Les chiffres de l'emploi aux Etats-Unis sont les plus mauvais depuis ceux de septembre 2010, mois au cours duquel l'économie américaine avait détruit plus d'emplois qu'elle n'en avait créés. "Les chiffres publiés sont très décevants, ils ravivent les craintes d'un retour en récession de l'économie américaine et renforcent la probabilité de voir la Réserve fédérale américaine adopter des stimulants monétaires", a jugé Michael Hewson, analyste chez CMC Markets à Londres.

L'UE lance un ultimatum à la Grèce
A ce nouveau signe d'essoufflement de la première économie mondiale s'est ajoutée une série de craintes concernant la mise en oeuvre du deuxième plan de sauvetage international de la Grèce, destiné à éviter la faillite du pays, hypothèse catastrophique pour toute la zone euro. Le ministre grec des Finances Evangélos Vénizélos a reconnu que le pays ne respecterait pas son objectif de déficit public pour 2011 du fait de l'aggravation de la récession.

"Une telle annonce remet en cause le second plan de sauvetage qui a été annoncé le 21 juillet. Il ne pourra pas être mis en place si le pays est incapable d'instaurer des plans de rigueur rapidement efficaces", s'est inquiété Renaud Murail, gérant d'actions chez Barclays Bourse à Paris.

Renforçant leur pression sur Athènes, les représentants de la Commission européenne, du Fonds monétaire international (FMI) et de la Banque centrale européenne (BCE) ont quitté la capitale grecque et ont donné dix jours au gouvernement pour faire avancer les réformes structurelles (en clair, accélérer les privatisations). Pour ne rien arranger, la Finlande a réitéré sa volonté d'obtenir une garantie d'Athènes pour prix de sa participation au plan.

Comme au cours de la tempête boursière du mois d'août, les actions des banques, exposées à la dette souveraine de la zone euro, ont été soumises à rude épreuve. Les françaises Crédit Agricole et Société Générale (par ailleurs mise en cause dans le dossier des subprimes aux Etats-Unis) ont respectivement plongé de 7,38% et 6,65%. L'allemande Deutsche Bank a dévissé de 5,93%, l'italienne UBI Banca de 6,48% et l'espagnole Santander de 4,84%.

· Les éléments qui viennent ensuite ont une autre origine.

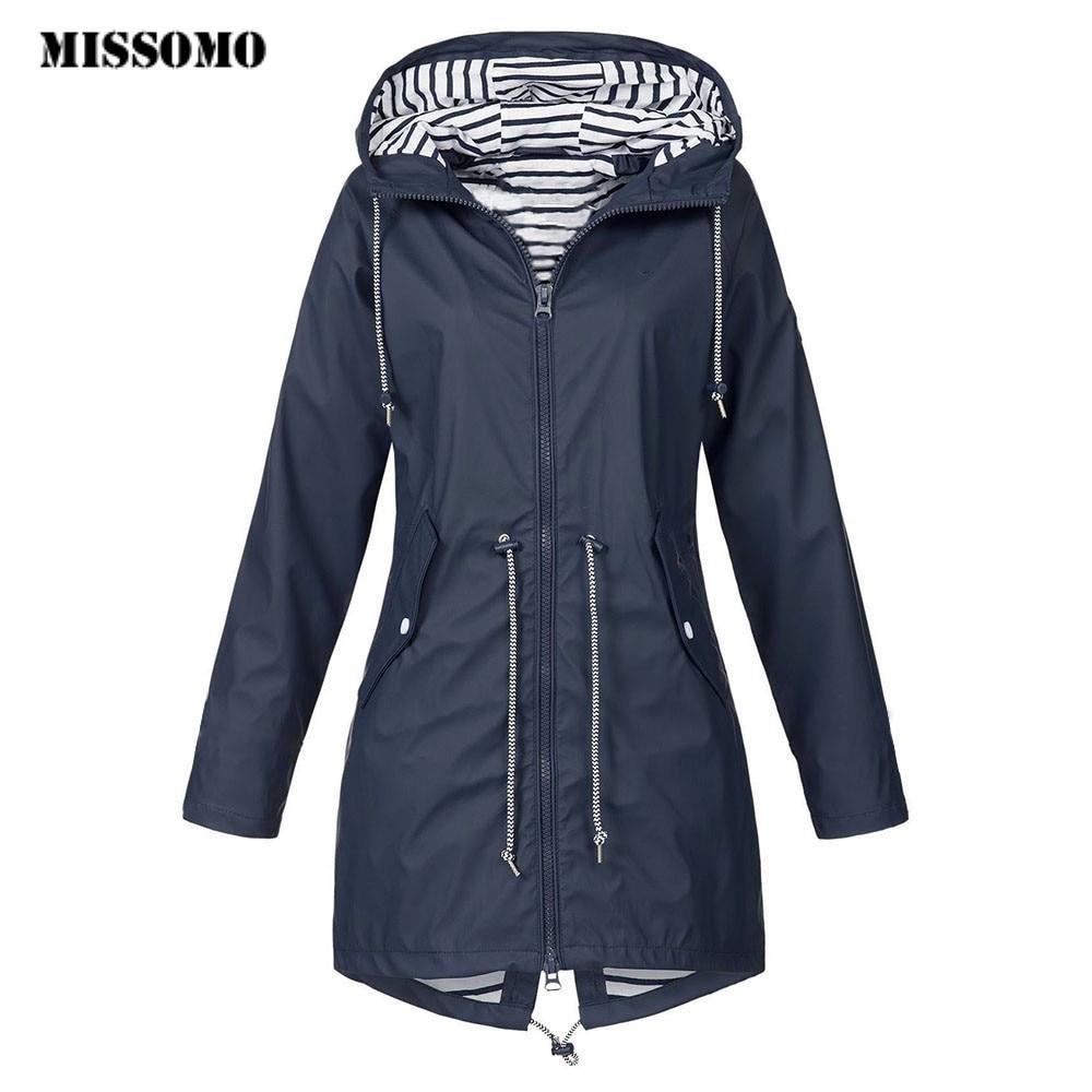 Women 2019 Solid Rain Jacket Outdoor Jackets Waterproof Hooded Raincoat
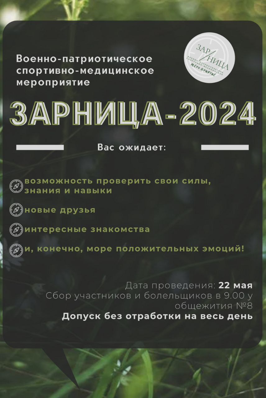 Приглашаем вас на военно-патриотическое спортивно-медицинское мероприятие «Зарница-2024», приуроченное к 80-летию освобождения Беларуси от немецко-фашистский захватчиков и 90-летию Витебского государственного ордена Дружбы народов медицинского университета.

Cette dégringolade bancaire "confirme que le secteur financier au sens large reste dans le viseur de nombreux investisseurs et spéculateurs", a commenté un analyste parisien sous couvert d'anonymat. "Pour un oui ou pour un non, avec des raisons plus ou moins fondées, et souvent moins que plus", le secteur subit des "volatilités assez fortes", a-t-il ajouté. La nouvelle débandade boursière a accéléré la ruée des investisseurs vers les valeurs les plus sûres, comme les obligations d'Etat des pays bénéficiant du "triple A" décerné par les agences de notation. Le taux à dix ans du Bund allemand s'est inscrit en séance à 2,006%, son plus bas niveau historique.

La devise helvétique, autre valeur refuge, a atteint des sommets depuis trois semaines, à 1,1002 franc suisse pour un euro et à 0,7708 franc suisse pour un dollar, des sommets plus vus depuis trois semaines. Malgré les chiffres décevants de l'emploi aux Etats-Unis, l'euro a reculé face au dollar.